We at KResearch expect that the Bank of Thailand's Monetary Policy Committee (MPC) will likely keep its policy rate intact at 1.75 percent during the third meeting of 2019 pending an assessment of Thai economic development and results of the implementation of macro-and micro-prudential monetary policies, for example, through the introduction of maximum LTV ratio and credit underwriting standards. Such specific monetary policies are aimed at maintaining economic stability while the government stimulus measures, which are expected to be introduced during the middle of 2019, may help ease economic risks somewhat.

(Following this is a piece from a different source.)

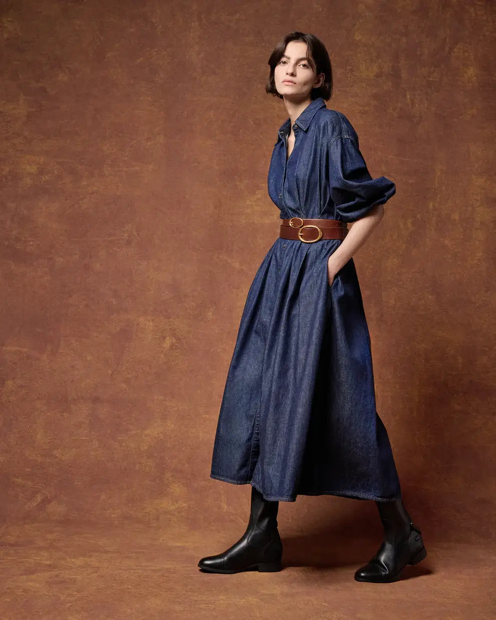 Long-sleeve shirtdress in denim shirting. The Mason Dress has a fitted bodice with contour seaming that releases into a full, midi-length skirt. Finished with a button-front placket, side seam pockets, and volume at the sleeves.

Although inflation will likely rise as a result of the daily minimum wage hike scheduled for the middle of 2019, its effect on the economy will be limited because daily minimum wage will be raised at a gradual pace amid numerous downside risks to the Thai economy, though appropriate actions will be undertaken by the new government. Despite rising domestic energy prices and public bus fares, plus a high 2018 base of energy prices, inflation may not increase much in 2019. It will also be undermined by intense competition among e-commerce entrepreneurs to grab greater share of the market. As a result, benign inflation will likely induce the MPC to maintain its policy rate at least during the remainder of 2019.
Looking ahead, it is expected that the MPC will continue to monitor risks to the establishment of a new government, fiscal stimulus measures and global economic development, in particular trade disputes.